Barack Obama has begun to fascinate me. The ego-centrism of his non-declaration of non-war was that of a man who thinks the world revolves around him. Unfortunately, it sort of does.


Michael Goodwin of the New York Post nailed this:



Earlier, he said that while others were free to turn away from Moammar Khadafy’s killing of his own people, “The United States of America is different.”



That’s a shocker from a man who told aides it would be easier to be the president of China because there was little scrutiny on China’s leader. Still, Obama’s belated embrace of American exceptionalism is progress to cheer.

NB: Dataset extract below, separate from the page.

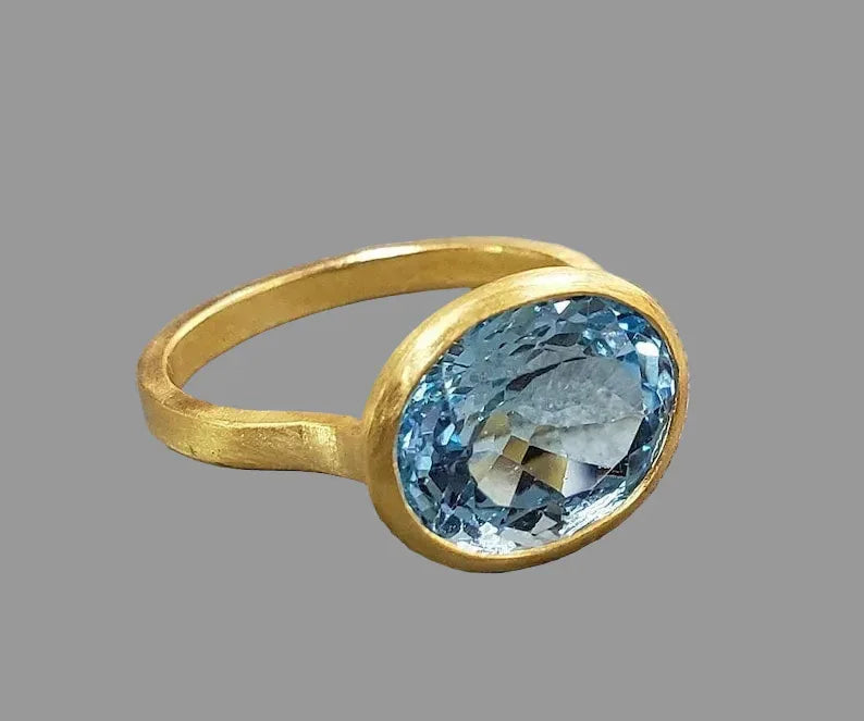 The Handmade AAA Sea Blue Topaz 18k Gold Ring: Dainty Matte Gold Jewelry is ideal for:
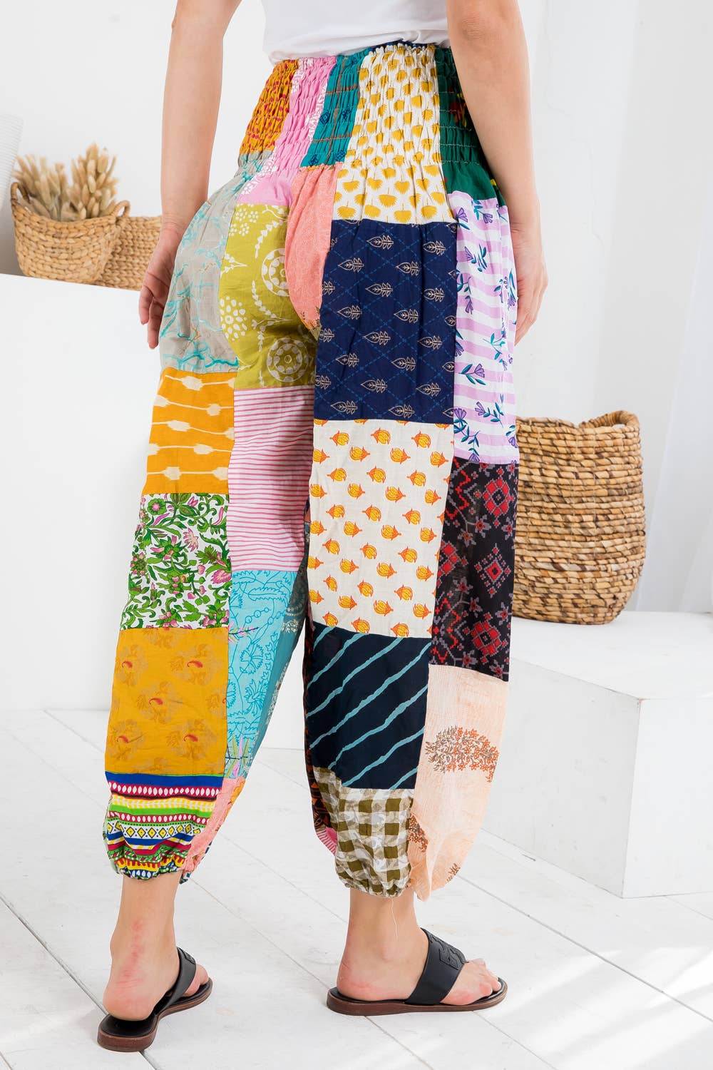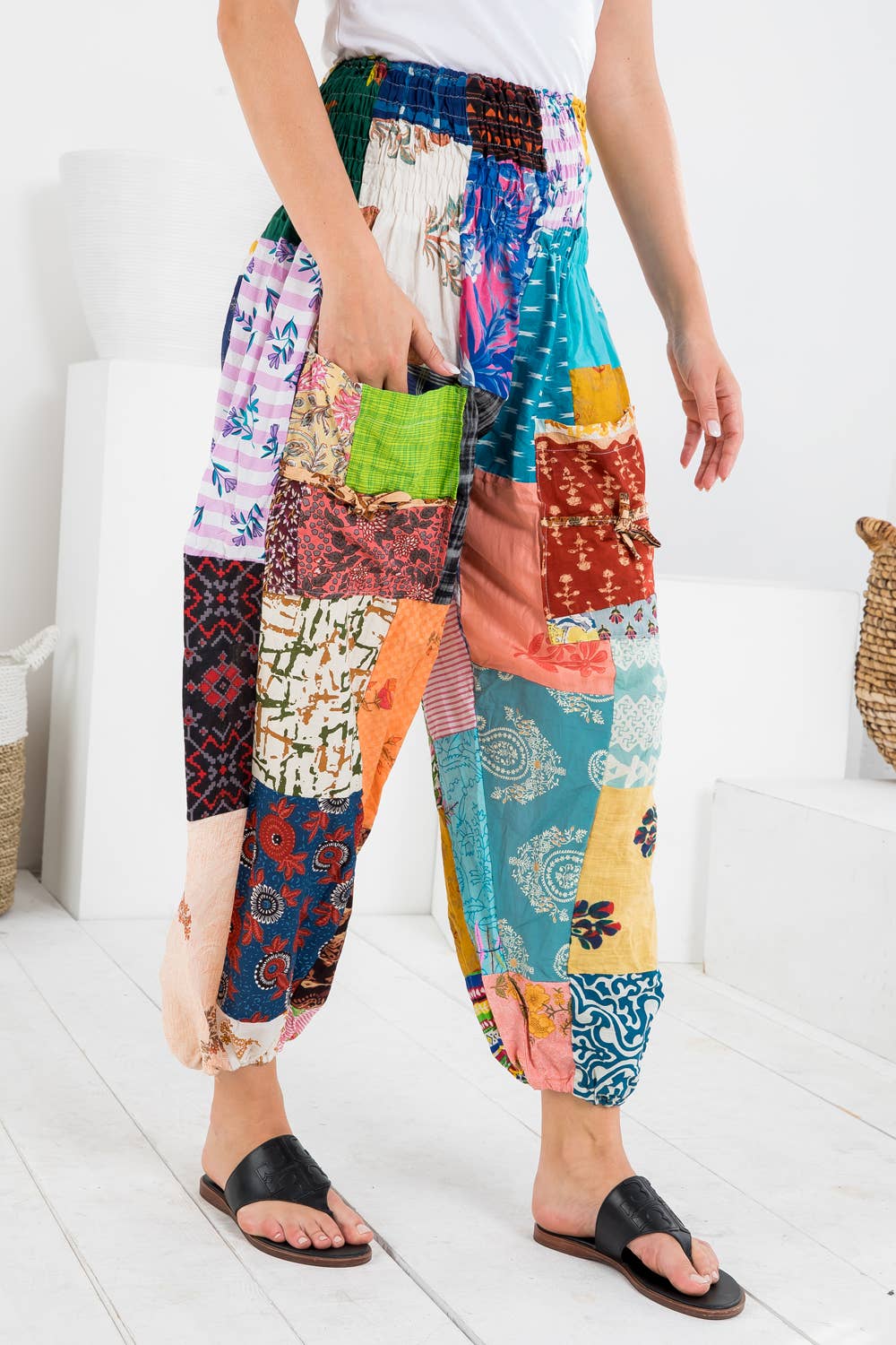 The Patchworks Smoked Pants from Kathmandu Imports are a casual yet stylish addition to your loungewear collection. Made from 100% cotton, these pants offer a comfortable missy fit, perfect for the Spring/Summer season. They feature a unique patchwork design and two handy front pockets. Care for them is simple, just pop them in the machine for a wash.

Yet connecting his Libyan war to exceptionalism was the speech’s weak link, which Bolton nailed. The connection flopped because Obama has an incoherent policy patched together on the fly.

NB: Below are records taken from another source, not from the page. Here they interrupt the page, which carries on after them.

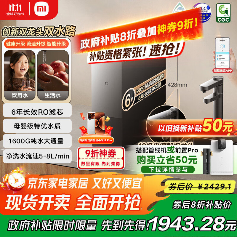 米家【政府补贴】小米净水器pro双出水双龙头1600G 家用厨下式 净水机 小米YU7发布会MR1692
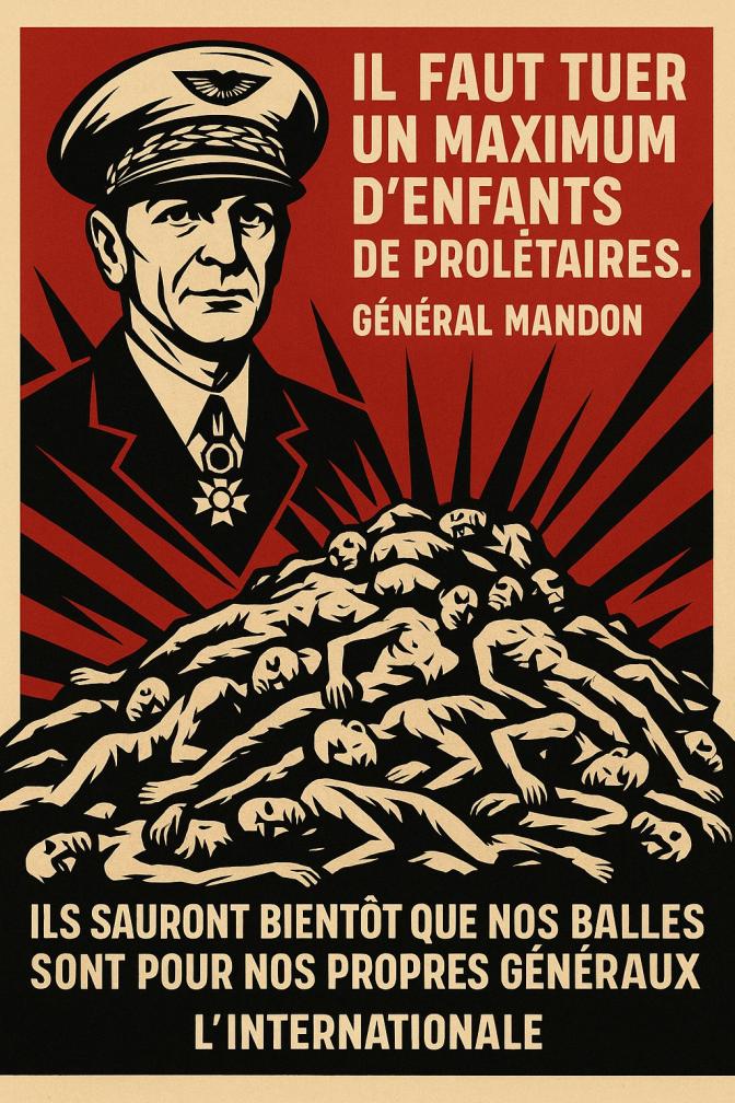 Le général Mandon fait maintenant des réflexions selon lesquelles les soldats français ne risquent plus rien et les jeunes volontaires ne participent à aucune guerre, qu’ils ne quitteront pas la France ! Lui qui disait que le peuple devait être prêt à sacrifier ses enfants !
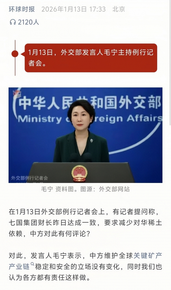 1月13日外交部记者会上,毛宁被问到这事,只回了一句:中方维护全球关键矿产产业链稳定和安全的立场没有变化,各方都有责任这么做。听起来平平淡淡,其实意思很清楚--你们自己行为不端,还想让我松口?没门。
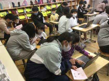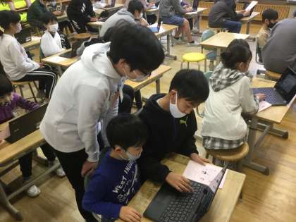PCで学校のHPを見たり、先生が事前に作成した問題に挑戦したりする1年生の活動をサポートしました。

The effort failed even though the president tried to enlarge the context by using Libya to illustrate how he sees the proper use of American power. But it sounded more like a description of an instinct than a true doctrine, proving what I had in mind when I wrote Sunday that “the Obama Doctrine” is really just a reflection of his supreme confidence in his own skills. The Obama doctrine is all about Obama.


Noemie Emery notes:



Woodrow Wilson, (D-Faculty Lounge), our first president from the academy, said famously in 1915 when the Lusitania was sunk by Germany, “There is such a thing as a man being too proud to fight.”



President Obama, our second, is not too proud to fight, just too proud to be seen doing so, to announce his war aims, or to lead. Of the three reasons behind the decision to institute a no-fly zone in Libya — to avert a massacre, to effect regime change upon its murderous ruler, and to warn off other tyrants — he chose to emphasize only the first, which had nothing to do with the national interest.


In the speech, Obama said, “As president, I refused to wait for the images of slaughter and mass graves before taking action.” Did we go to war because the president can’t stand the sight of blood? I wanted a no-fly zone early, when it might have toppled Gaddafi. I could justify that in terms of national interest: the madman hates America and has sponsored terrorism so let’s use this opportunity to supply just enough support for his own people to take him out. But that’s so old-fashioned. We now have developed an entirely new form of foreign policy based on presidential impulse. 


Barack Obama has notions about internationalism (the Telegraph has a piece on his belief that the Libya mission is “how the world should work” because the U.S. is doing the heavy lifting while taking orders from the U.N.). His combination of citizen of the worldism and his belief that the world revolves around him (unfortunately, as noted above, not entirely untrue) have taken U.S. foreign policy to an entirely new place.